The big difference is when they make errors they are errors that are more likely to be difficult for humans to detect.

Good tools should complement tool users. Fill in gaps. But as we've been trying to train agents to replace humans we are not focusing on this distinction. I want my coding agent to make errors that are obvious to me just as I want errors I make to be obvious to it (or for it to be optimized to detect errors I make)

melagonster · 3 months ago
Maybe this is because humans have good intuition to know the difference between us. But this type of intuition does not work on the behaviour of LLMs.
joshribakoff · 3 months ago
That’s why you’ve gotta test your tests.

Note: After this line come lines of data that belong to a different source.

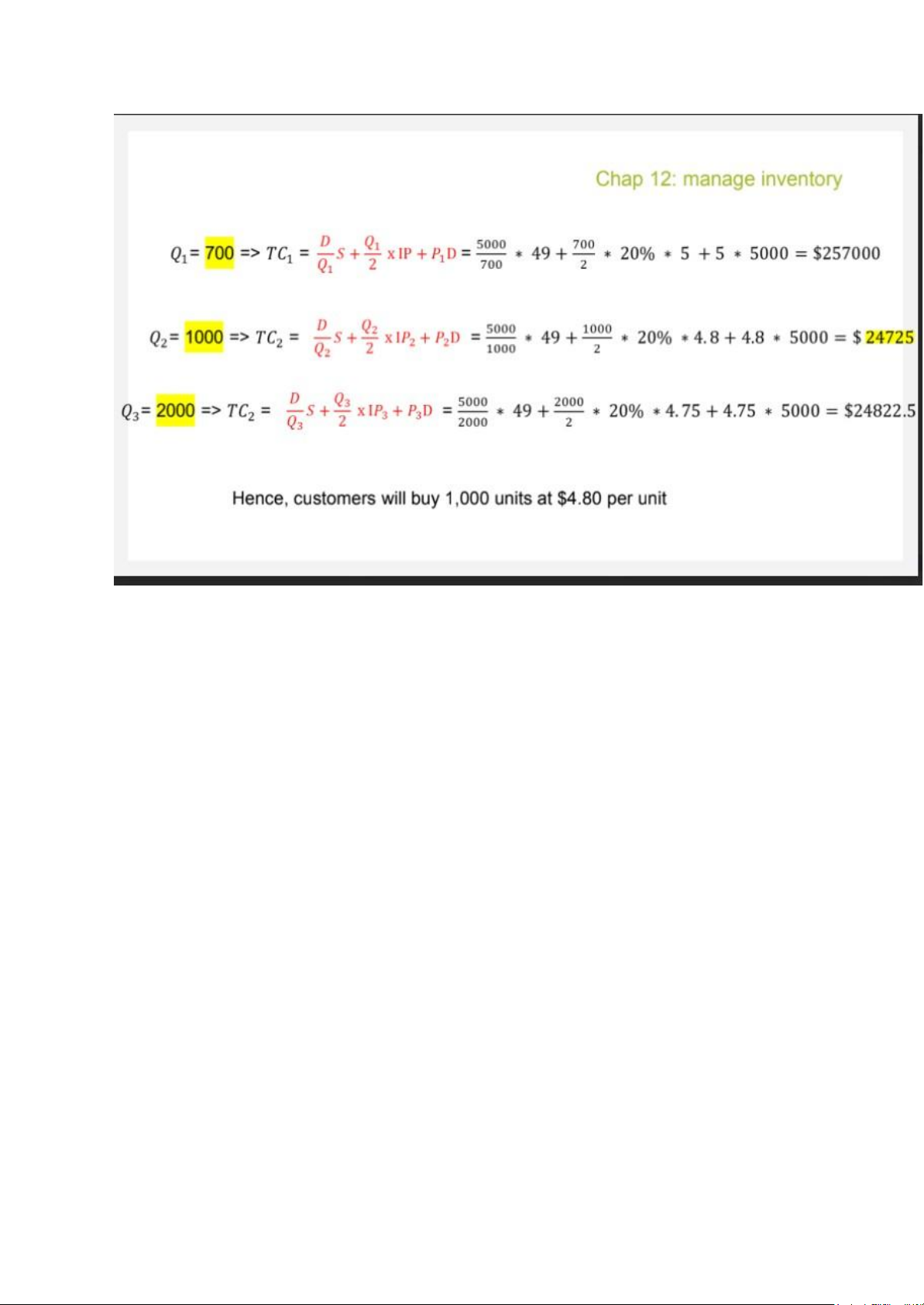 or more units, the unit cost is only $4.75. Furthermore, ordering cost is $49.00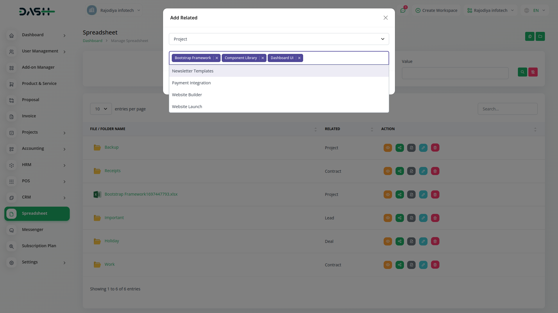 É possível criar subpastas dentro das pastas e compartilhá-las com os usuários. Associe também vários módulos como projetos, leads, acordos, contratos, etc., com essas pastas a organizar dados relacionados. Adicionalmente, é possível compartilhar a pasta diretamente dentro desses módulos para fácil acesso, agilizando a gestão de dados e a colaboração.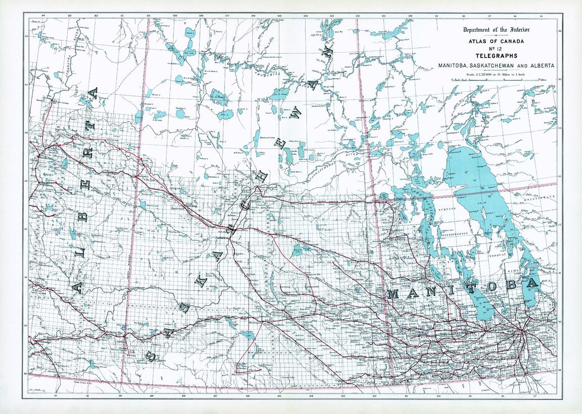 Contained within the 1st Edition (1906) Atlas of the Canada is a map that shows the telegraph network for Manitoba, Saskatchewan, and Alberta. Two or more lines may follow the same route, but only one line is indicated on the map. Therefore, well-settled portions of the country may have two or three telegraph lines serving the principal towns along each route indicated. Most telegraph lines follow alongside railway lines. Major cities, counties, rivers, major bodies of water and the railway systems are also included. The map displays the rectangular survey system which records the land that is available to the public. This grid like system is divided into sections, townships, range, and meridian from mid-Manitoba to Alberta.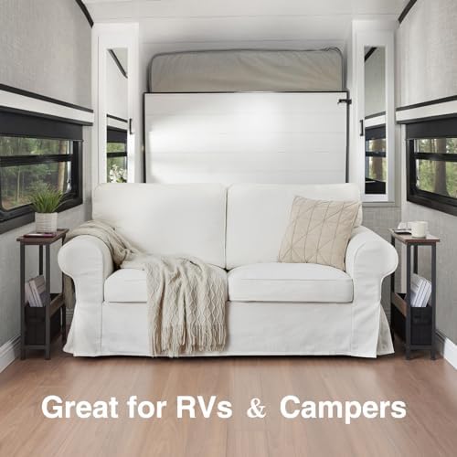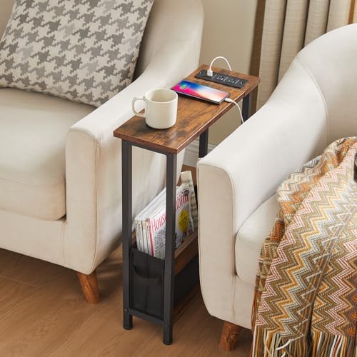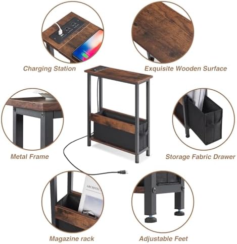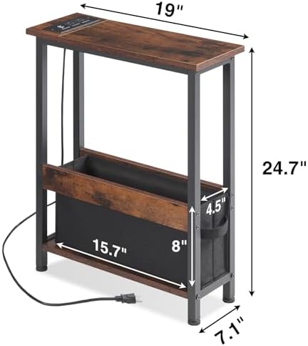 Bought this because I was crowding my dresser with books and electronics I couldn’t reach. This table fits in the small gap between my bed and dresser so everything is easier to reach- about the width of a large book as show in the photos. Easy to assemble! Took about 30mins with a small power screwdriver. Storage can hold 6-7 books of various sizes, plus power chords, remotes etc. Super functional. The small multi outlet is handy! I can plug in my phone, laptop, a usb powered reading lamp that clamps on the side of the table top or dresser. Lightweight but sturdy and stable, no rocking or wiggling once assembled. Highly recommend getting this in your style.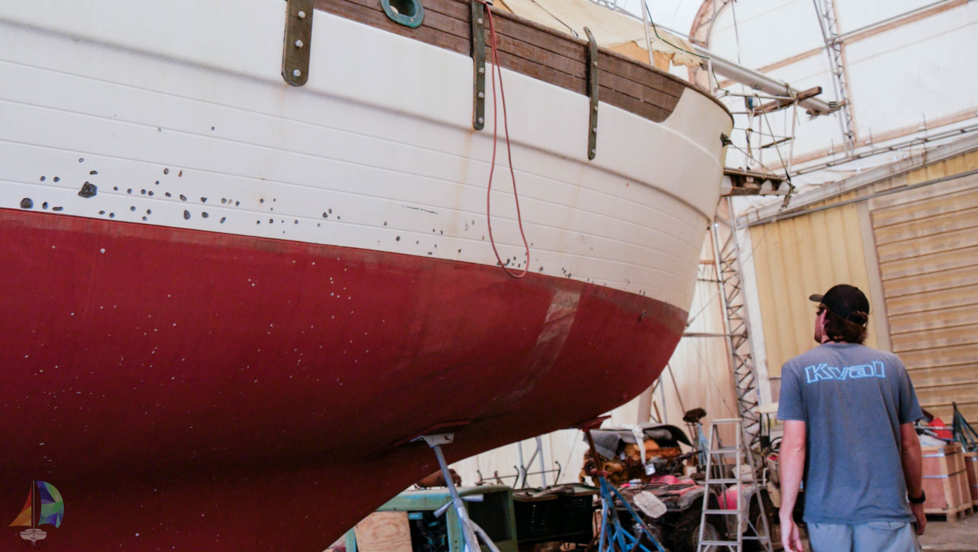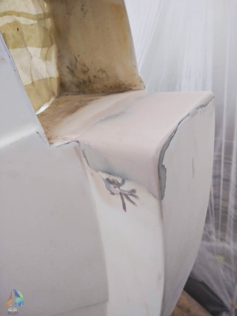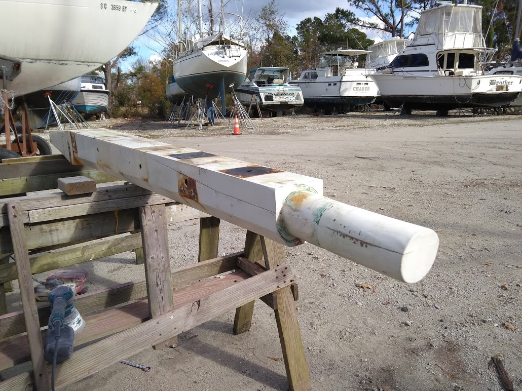 While I was applying coats on the interior Jon was working outside getting our rudder back into ship shape. When we left Prism back in 2017 we once again drilled holes into the rudder to hopefully dry it out. We did the same thing when we left her in Guaymas back in 2015, but the rudder filled with water again during our cruise through central america and up the east coast. After sitting here for 13 months the rudder was once again dry and needed more attention than we had given to it before. We cut out all the delaminated glass, laid up new 2 layers of 1708 along the bottom ledge and inside edges and then some.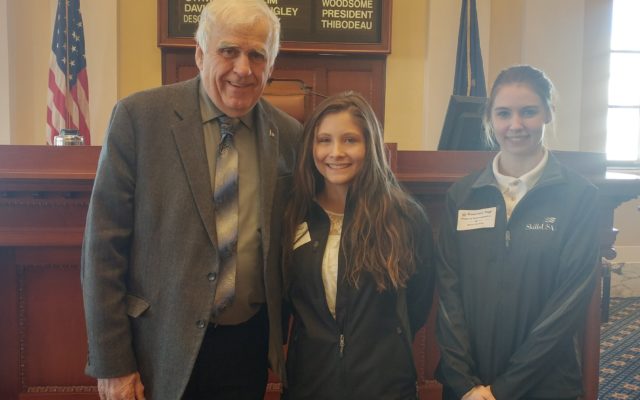 SEN DAVIS MEETS SKILLSUSA GOLD MEDALISTS -- Makayla McKenzie, center, and Briana Spaulding, both of Dexter, visited the Statehouse for SkillsUSA Championship Day on April 9. The two are gold medal winners from the Tri-County Technical Center in Dexter. McKenzie won in commercial banking and Spaulding won gold in advertising design. During their day in Augusta the pair were congratulated by their Sen. Paul Davis, R-Sangerville.
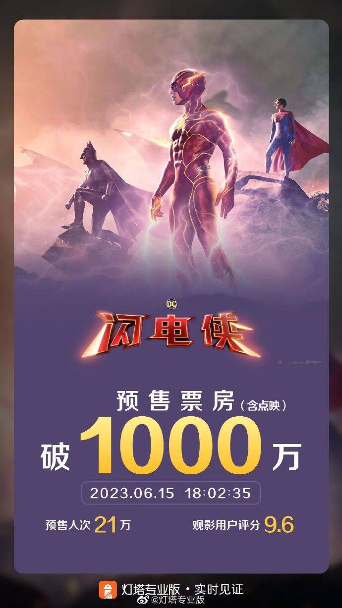 据灯塔专业版实时数据,截至6月15日18时2分,影片《闪电侠》预售总票房(含点映)突破1000万。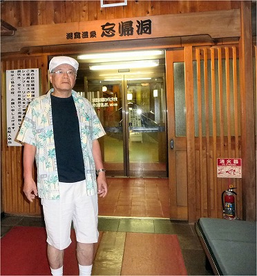 もう一方の洞窟温泉「玄武洞」もいい。前は「亀の湯」といっていたはずだ。その連想で今の名前になったと解釈した(玄武は亀と蛇の合体で、四神の一翼。方角は北、色は黒、四季は冬)。 |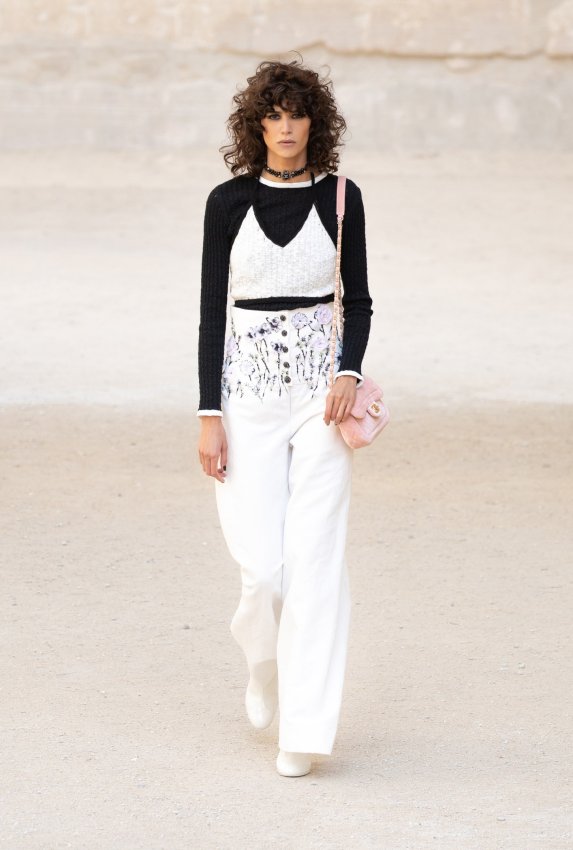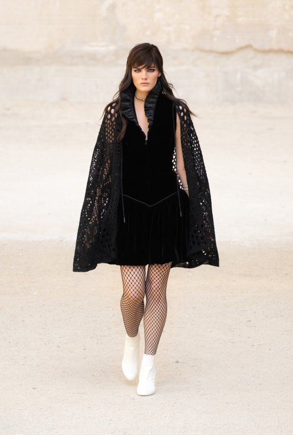 «Потому что Габриэль Шанель была близка Кокто, и я люблю фильм "Завещание Орфея". В частности, эта великолепная сцена: человек с головой черного коня спускается в Карьер де Люмьер, его силуэт вырезан на фоне белоснежных стен», — поясняет креативный директор Chanel Вирджини Виар.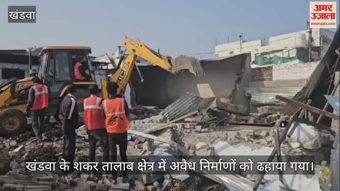 मध्यप्रदेश में खंडवा शहर के शकर तालाब क्षेत्र स्थित स्लाटर हाउस के आसपास बड़ी संख्या में किये गए अतिक्रमण पर शनिवार को जिला प्रशासन ने बड़ी कर्रवाई करते हुए कई कच्चे-पक्के निर्माण को ढहा दिया। बताया जा रहा है कि इस क्षेत्र में कई लोगों के द्वारा अवैध स्लाटर हाउस बना लिये गए थे, जिनकी मिल रही लगातार शिकायतों के बाद नगर निगम के साथ ही पुलिस और प्रशासन के अधिकारियों ने मिलकर यहां बने सरकारी स्लाटर हाउस का निरीक्षण किया। उसके बाद उसके आसपास बने इन अवैध स्लाटर हाउसों और निर्माण कार्यों पर बुलडोजर से ढहाने की कार्रवाई शुरू की गई। इस पूरी कार्रवाई के दौरान करीब 10 मकानों को जेसीबी की मदद से तोड़ा गया।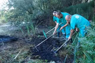 En las últimas semanas se ha iniciado la desecación de la laguna con objeto de provocar estrés hídrico a la planta invasora y, secundariamente, endurecer el sustrato por desecación para facilitar el acceso a los operarios encargados de la recogida manual de la plantas.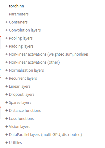 下面是torch.nn中包含的一些子模块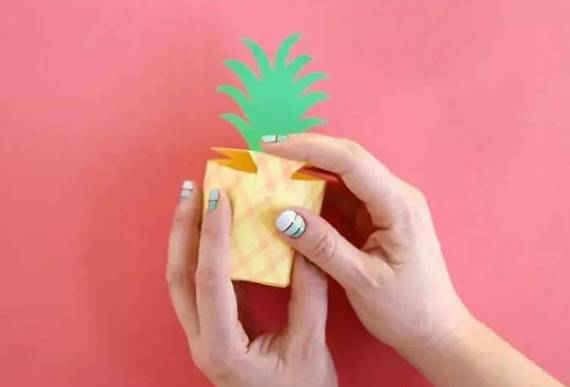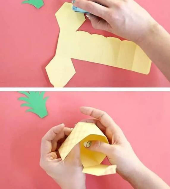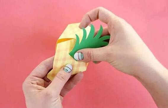4.在盒子顶部中间割一条缝隙,在把叶子装进去一部分,用粘合剂固定。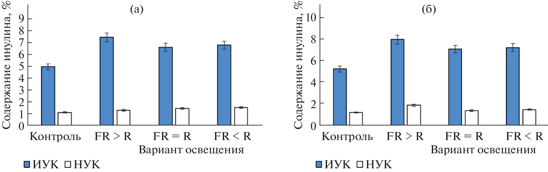 In vitro callus cultures of common chicory (Cichorium intybus L.) were obtained and their growth and biochemical characteristics depending on the hormonal composition of the MS medium and the spectral composition of light were studied. The study of the effect of light culture on callus tissue formation and inulin accumulation in it was carried out in opaque grow tents with radiation aligned with the flux density of pho- tosynthetic photons and different ratios of its levels in the region of 660 nm (R, red) and 730 nm (FR, far red). The control variant was placed under white linear fluorescent lamps. The resulting cultures were character- ized by high proliferative activity and the capability for morphogenesis. It has been established that the inter- action of two factors—the presence of auxins in the nutrient medium (IAA or NAA at a concentration of 7.5 mg/L in combination with BAP 0.5 mg/L) and cultivation under light culture conditions (FR > R, FR = R, FR < R)—had a significant impact on the biosynthetic potential of cell cultures. In the obtained cultures, a study of the quantitative content of inulin was carried out. It has been shown that the high content of inulin (7.55–7.95%) in callus cultures was on the MS medium in combination with IAA at FR > R illumination. This is probably due to the fact that well proliferating and highly morphogenic callus tissue was formed under these conditions. The obtained results confirm the hypothesis about the specificity of cultured cells to in vitro synthesize and accumulate secondary metabolites in dedifferentiated cells and the dependence of this process on factors of chemical and physical nature.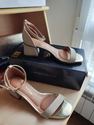 Elegantes sandalias con un toque brillante. - Diseño de tiras. - Tacón bajo cuadrado. - Cierre de hebilla al tobillo. Talla 37. Usadas una vez, para una boda. Opcional bolso dorado a juego por 3 euros más.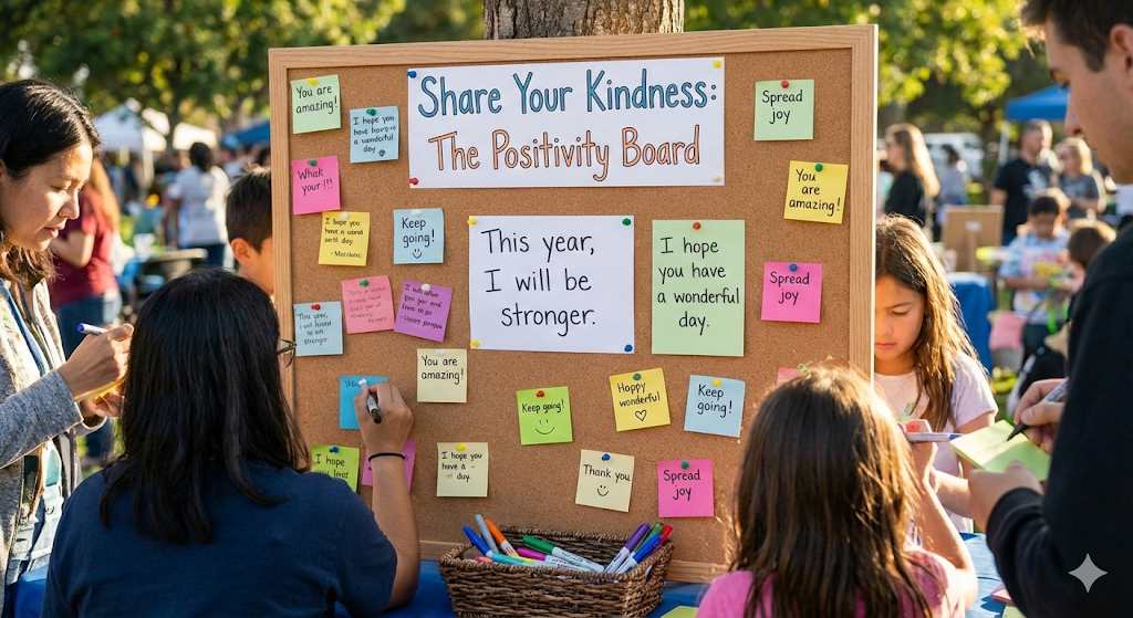 💌 1. Share Your Kindness: The Positivity Board We believe that "One kind word can change someone's entire day." At the event, we’ve prepared a special "Kind Words Board." We invite everyone to pick up a pen and write a short message—whether it’s a wish, a compliment, or a word of encouragement—and post it on the board to share your feelings.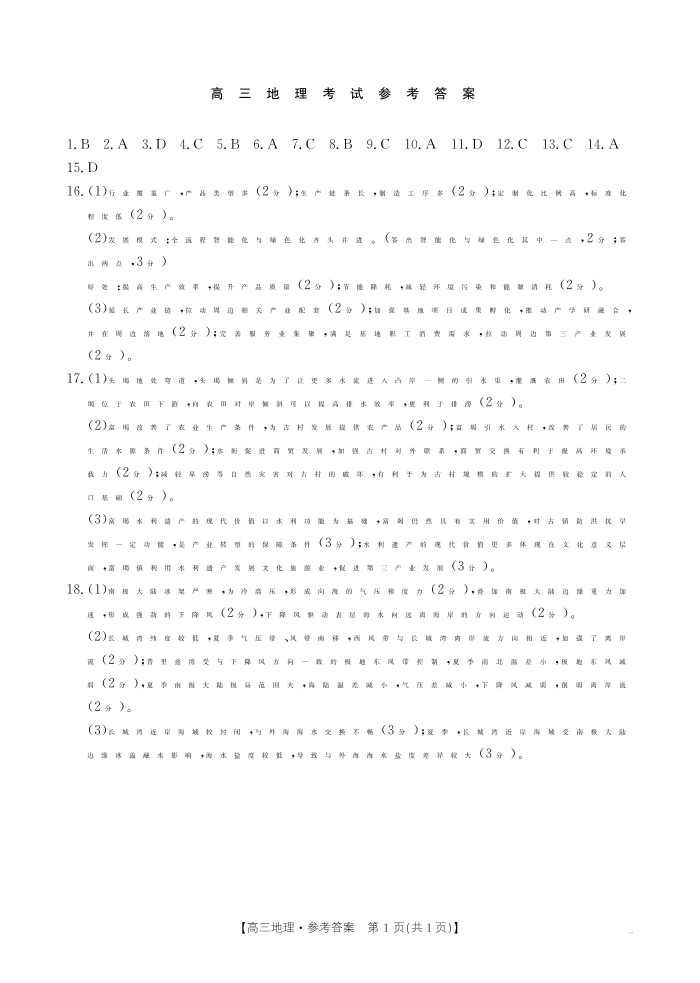 湖北省部分学校2024-2025学年高三上学期12月联考 地理答案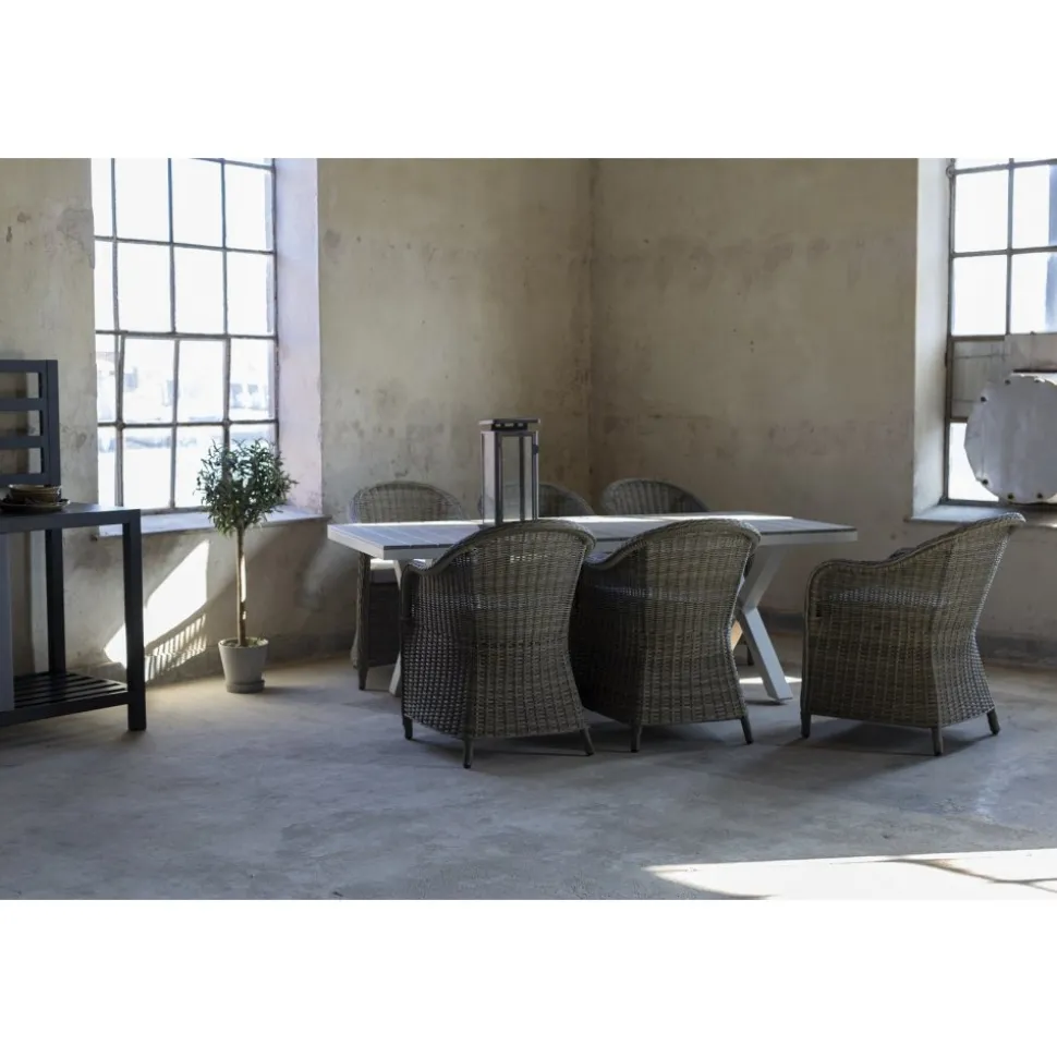 Matgrupp Mercury bord inkl 6 st fåtöljer – Konstrotting/Vit aluminium:

Insert bugs and ensure they fail.

As the sibling comments alluded to, it’s not exclusively an AI problem since multiple people can miss the issue too.

It’s wonderful that AI is an impetus for so many people to finally learn proper engineering principles though!

KurSix · 2 months ago
Mutation testing is becoming the only way to catch AI red-handed. Without mutations you'll be staring at a perfect CI/CD dashboard, unaware that your tests verify absolutely nothing

Yeah, it burns CPU like crazy, but CPU time is dirt cheap right now compared to the cost of an engineer debugging that self-deception in production

vrighter · 3 months ago
but who will test the tests of tests?
smarx007 · 3 months ago
I think the phase change hypothesis* is a bit wrong.

I think it happens not at 100% coverage but at, say, 100% MC/DC test coverage. This is what SQLite and avionics software aim for.

*has not been confirmed by a peer-reviewed research.

cloudhead · 3 months ago
What's MC/DC?
closeparen · 3 months ago
Also true of human-written unit tests. You probably also want to have integration or UI automation tests that cover the end-user scenarios in your product requirements, and invariants that are checked against large numbers of examples either taken from production (sanitized of course), in a shadow environment, or generated if you absolutely must.
theptip · 3 months ago
It’s true - but there are “good code” solutions to this already. For example, BDD / Acceptance Tests can be used to write human-readable specs.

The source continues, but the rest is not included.